Trying to Derail the Federal Immigration Gravy Train Congressional Republicans confront the religious agencies aggravating the border catastrophe. by Joseph Hippolito

https://www.frontpagemag.com/trying-to-derail-the-federal-immigration-gravy-train/

With no projected end to the chaos of illegal immigration, some Congressional Republicans have decided to confront the religious agencies aggravating the problem at the Mexican border — including Catholic Charities, which plays a pivotal role in that chaos, as FrontPage Magazine reported.

Even conservative Catholics organized to oppose their church’s support of open borders. The Deposit of Faith Coalition held a press conference July 20 in Washington, D.C. to demand that Congress stop giving funds for the United States Conference of Catholic Bishops. The website Church Militant, one of the members, calls the coalition “a group of about a dozen Catholic or Catholic-led outfits.”

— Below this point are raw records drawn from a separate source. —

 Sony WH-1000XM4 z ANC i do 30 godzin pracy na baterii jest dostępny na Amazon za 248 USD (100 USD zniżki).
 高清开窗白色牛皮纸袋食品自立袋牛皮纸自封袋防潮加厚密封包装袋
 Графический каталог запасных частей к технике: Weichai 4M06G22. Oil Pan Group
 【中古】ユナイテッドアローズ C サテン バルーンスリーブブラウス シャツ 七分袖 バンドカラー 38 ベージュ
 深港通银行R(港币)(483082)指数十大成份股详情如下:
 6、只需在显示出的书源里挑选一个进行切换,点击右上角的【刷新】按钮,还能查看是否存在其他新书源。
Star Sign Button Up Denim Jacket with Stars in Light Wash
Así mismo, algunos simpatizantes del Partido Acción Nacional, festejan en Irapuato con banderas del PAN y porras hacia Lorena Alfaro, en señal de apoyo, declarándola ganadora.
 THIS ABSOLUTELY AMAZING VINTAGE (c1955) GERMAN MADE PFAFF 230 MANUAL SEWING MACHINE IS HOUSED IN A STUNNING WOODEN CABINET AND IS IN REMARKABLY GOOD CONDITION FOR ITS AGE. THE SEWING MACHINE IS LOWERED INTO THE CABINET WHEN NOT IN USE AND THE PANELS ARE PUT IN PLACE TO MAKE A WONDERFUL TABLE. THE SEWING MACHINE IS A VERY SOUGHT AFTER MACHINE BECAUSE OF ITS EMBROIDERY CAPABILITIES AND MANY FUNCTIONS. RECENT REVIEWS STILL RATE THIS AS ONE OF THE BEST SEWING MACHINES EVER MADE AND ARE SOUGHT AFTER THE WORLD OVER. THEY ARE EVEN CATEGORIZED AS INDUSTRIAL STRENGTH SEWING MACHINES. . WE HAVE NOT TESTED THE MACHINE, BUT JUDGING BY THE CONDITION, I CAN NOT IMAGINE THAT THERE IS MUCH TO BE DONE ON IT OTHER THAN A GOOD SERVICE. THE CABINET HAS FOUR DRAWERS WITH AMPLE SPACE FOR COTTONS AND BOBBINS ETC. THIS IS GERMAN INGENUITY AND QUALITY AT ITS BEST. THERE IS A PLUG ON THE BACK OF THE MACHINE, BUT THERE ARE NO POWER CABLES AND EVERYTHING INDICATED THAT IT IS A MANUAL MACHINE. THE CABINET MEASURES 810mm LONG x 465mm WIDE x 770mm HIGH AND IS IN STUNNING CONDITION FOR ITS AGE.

The coalition’s press conference represents growing public opposition to the Biden “Administration’s” apathy and religious agencies’ social irresponsibility.

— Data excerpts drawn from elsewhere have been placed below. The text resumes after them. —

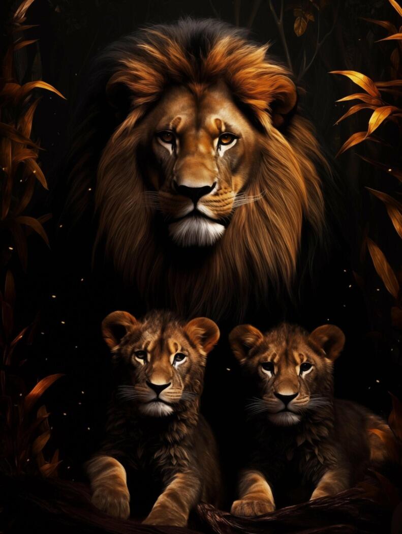 Glasschilderij – Exclusive – Staand – Leeuwenfamilie 2 Welpen Mona
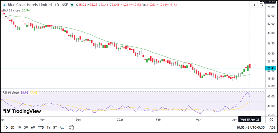 Blue Coast Hotels is trading near ₹23.41, down around 4.91%, but maintains its position above the 21-day SMA near ₹20.94, indicating a nascent recovery phase. The recent breakout from a long-term downtrend suggests shifting sentiment, supported by an RSI near 58.95, showing positive momentum. Immediate support is seen in the ₹19.50–21.00 zone, while resistance is anticipated near the ₹27.00–30.00 range.
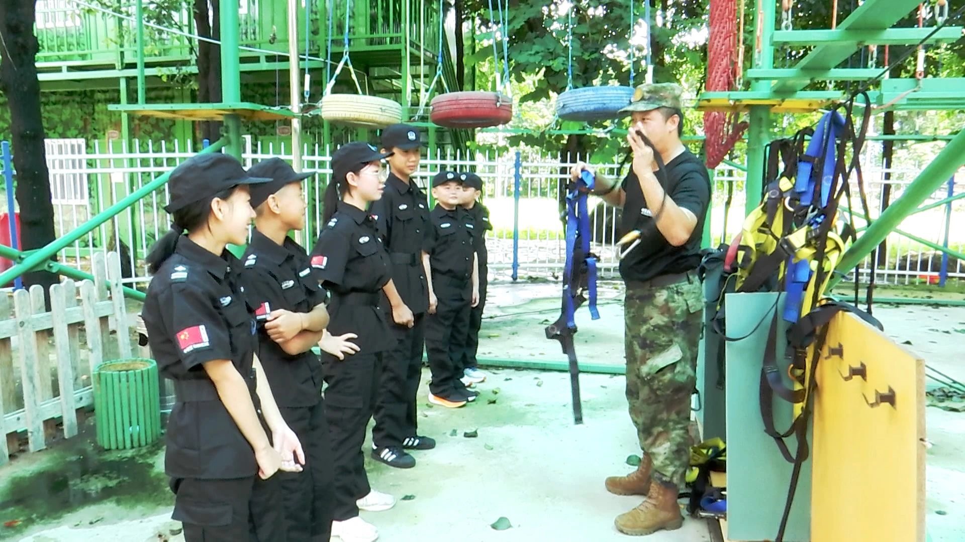 参加研学的孩子们认真听教练讲解中
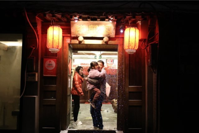 11月6日晚,北京市东城区,顾客在雪夜里从一家餐馆走出。中国日报记者 武晓慧 摄
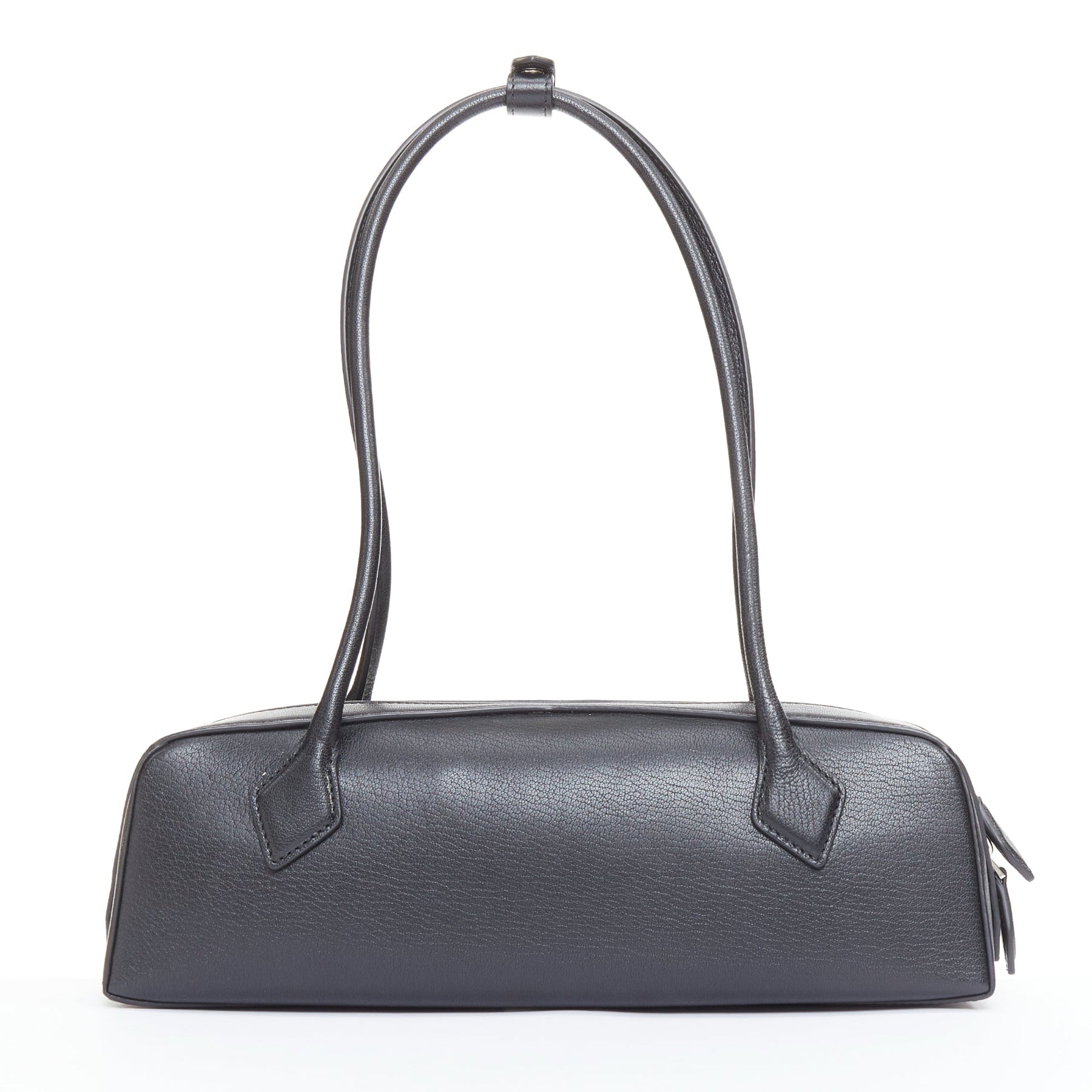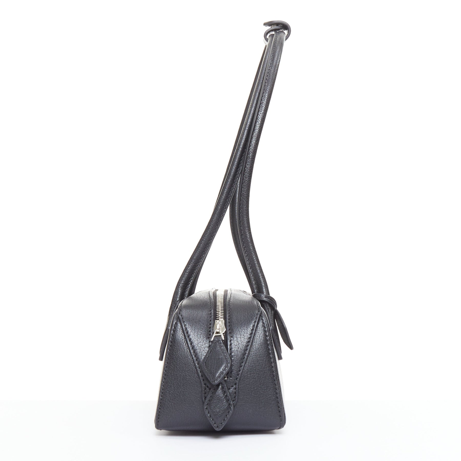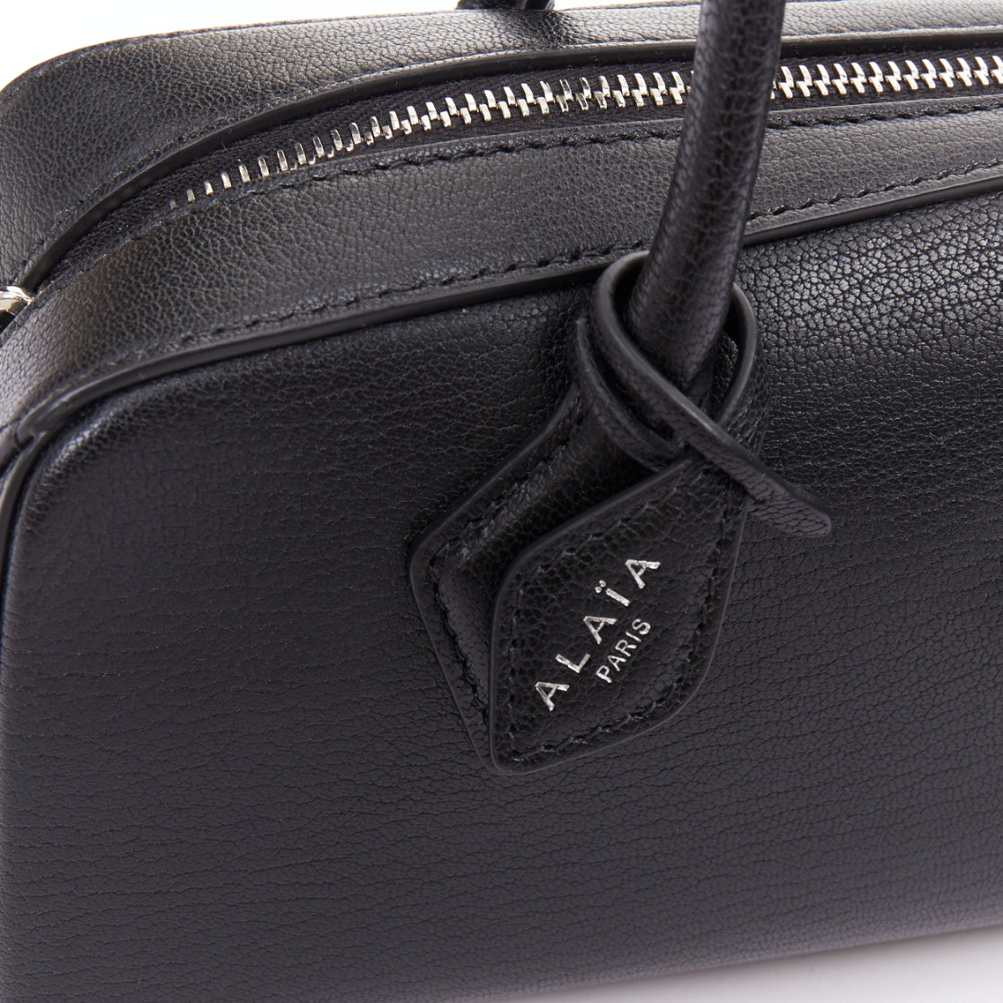 ALAIA Le Teckel black leather elongated long handle double zip bag

In December, Texas Republican Rep. Lance Gooden, a member of the House Judiciary Committee, asked Homeland Security Secretary Alejandro Mayorkas in a letter for “immediate access to all records and communication relating to your department’s border practices and regulations.”

The letter accused DHS of “allowing non-governmental organizations the freedom to aid and abet illegal aliens.” Two other Republicans, Wisconsin Rep. Tom Tiffany, another committee member, and Texas Rep. Jake Ellzey signed the letter.

Gooden also sent letters to Catholic Charities, Jewish Family Services and the Lutheran Immigration and Refugee Service. Gooden accused those agencies of “violating federal law and regulation, placing migrants and American communities at risk, and subjecting local communities to unreasonable burdens.”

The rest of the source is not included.